I’m not sure. I know they bled and replaced the coolant twice. Apparently signs of a shot head gasket is smoke (white or blue – depending on what fluid is mixing with what) when driving? My bike shows no signs of smoke. I’ll add head gasket to the check-list anyway.

GeelKameel wrote:

Tubes inside radiator partly blocked?

Maybe deposits on inner surfaces of the tubes?

or corroded

The radiator was repaired 6 November this year by Radiator King. The invoice listed the following: clean & repair BMW motorbike radiator, remove bottom tank, clean out core, 30% blocked, test & spray. It made no difference to the bike’s symptoms. Either the radiator wasn’t the cause or it’s not what it once was. Your thoughts? How much will a radiator set you back?

Charles Oertel wrote:

So I reckon that the teeth on the water pump gears are worn and end up slipping at high speed.  My guess.

Kingtek will have a good look next year, when there will be more time to take the bike apart. Hopefully it will end up being something this simple.

Weedkiller - Adie wrote:

Eerstens:  as die liggie aankom waai die waaier? Jy noem niks van dit nie.  As die waaier nie aangekom het nie is dit NIE 'n oorverhittings fout.

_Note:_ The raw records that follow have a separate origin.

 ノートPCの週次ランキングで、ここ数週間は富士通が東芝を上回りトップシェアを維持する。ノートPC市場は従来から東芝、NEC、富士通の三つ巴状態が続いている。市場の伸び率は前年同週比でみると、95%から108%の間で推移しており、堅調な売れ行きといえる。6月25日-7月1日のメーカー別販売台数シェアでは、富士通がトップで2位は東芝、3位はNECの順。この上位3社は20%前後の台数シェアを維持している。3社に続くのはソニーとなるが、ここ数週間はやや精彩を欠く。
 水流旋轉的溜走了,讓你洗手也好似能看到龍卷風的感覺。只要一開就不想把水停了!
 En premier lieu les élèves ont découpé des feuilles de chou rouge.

Ja. Kingtek het eers gedink dat daar dalk net fout is met die liggie self, maar dit lyk nie soos ‘n elektroniese problem nie.

Weedkiller - Adie wrote:

Tweedens: wat is aan die fiets gedoen net voor die probleem begin het?

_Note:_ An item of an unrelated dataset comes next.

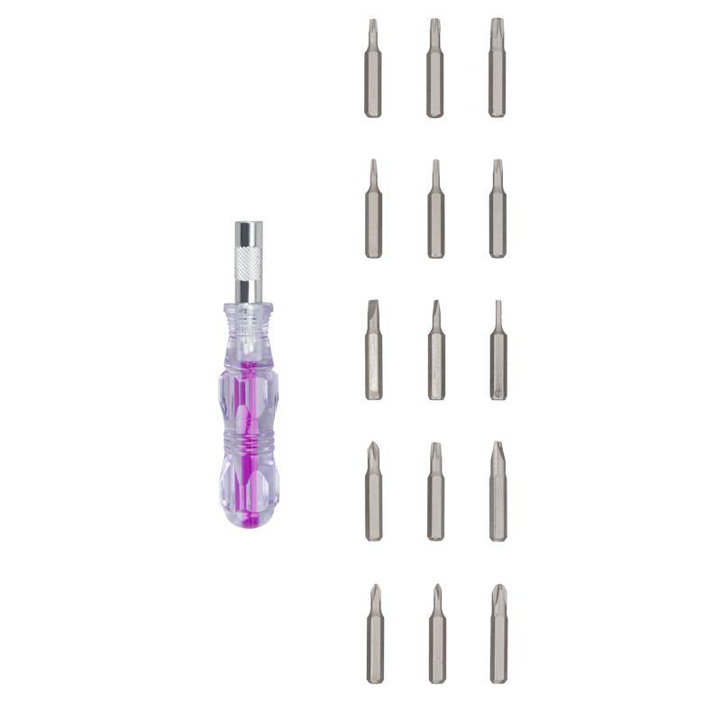Набор отверток для точных работ арт. 12-4704 REXANT 16 предметов предназначен для выполнения прецизионных работ в электронике и электромеханике. Эргономичная прозрачная двухкомпонентная рукоятка отвертки делает работу с инструментом легкой и удобной. Биты набора выполнены из хромованадиевой стали. Магнитный держатель обеспечивает быструю замену и надежную фиксацию насадок. Набор поставляется в пластиковом боксе и содержит 16 предметов: Отвертка 1 шт. Биты 15 шт. (PH00, PH0, PH1, PH2, T5, T6, T7, T8, T9, T10, T15, U4, ?, SL2, SL3).

Hy het al hierdie problem vandat ek hom gekry het. Die persoon wat die motorfiets aan my verkoop het, koop motorfietse, maak hulle reg en verkoop hulle as ‘n stokperdjie. Ongelukkig ry hy hulle nie (laai altyd op ‘n sleepwa) en het nie van die problem geweet nie. Die fiets was vir sy 30,000km service gevat na Shane by Yamaha voor ek hom gaan haal het. My kêrel sou die fiets vir my huis toe bestuur. Die oorverhitliggie het aangekom op die M3. Die ou wat die fiets aan my verkoop het, het die fiets teruggevat na Shane. Dit het gelyk of die problem opgelos was, maar ek dink al wat gebeur het was dat die spoed waar dit begin oorverhit net verhoog het. Omdat ek die fiets vir ‘n ruk gery het voordat ek dit vir die eerste keer op ‘n nasionale hoofweg geneem het, het die problem nie weer verskyn nie. Die M3 is nie lank genoeg om die probleem nou te wys nie. Dit vat nou omtrent 15-20 min van 120km/h ry voordat die liggie aankom.

Weedkiller - Adie wrote:

Derdens: As jy net die fiets start en laat loop (idle) moet die waaier eers na ongeveer 15minute aankom.

Ek is gesê dat my waaiier nog goed/reg werk.

Weedkiller - Adie wrote:

Charles, I don't think it is the gears.  If the gears 'jump' enough to reduce the rpm of the impellor to the point of such low coolant flow (at speed) it would be 'teethless' within a few kilometers.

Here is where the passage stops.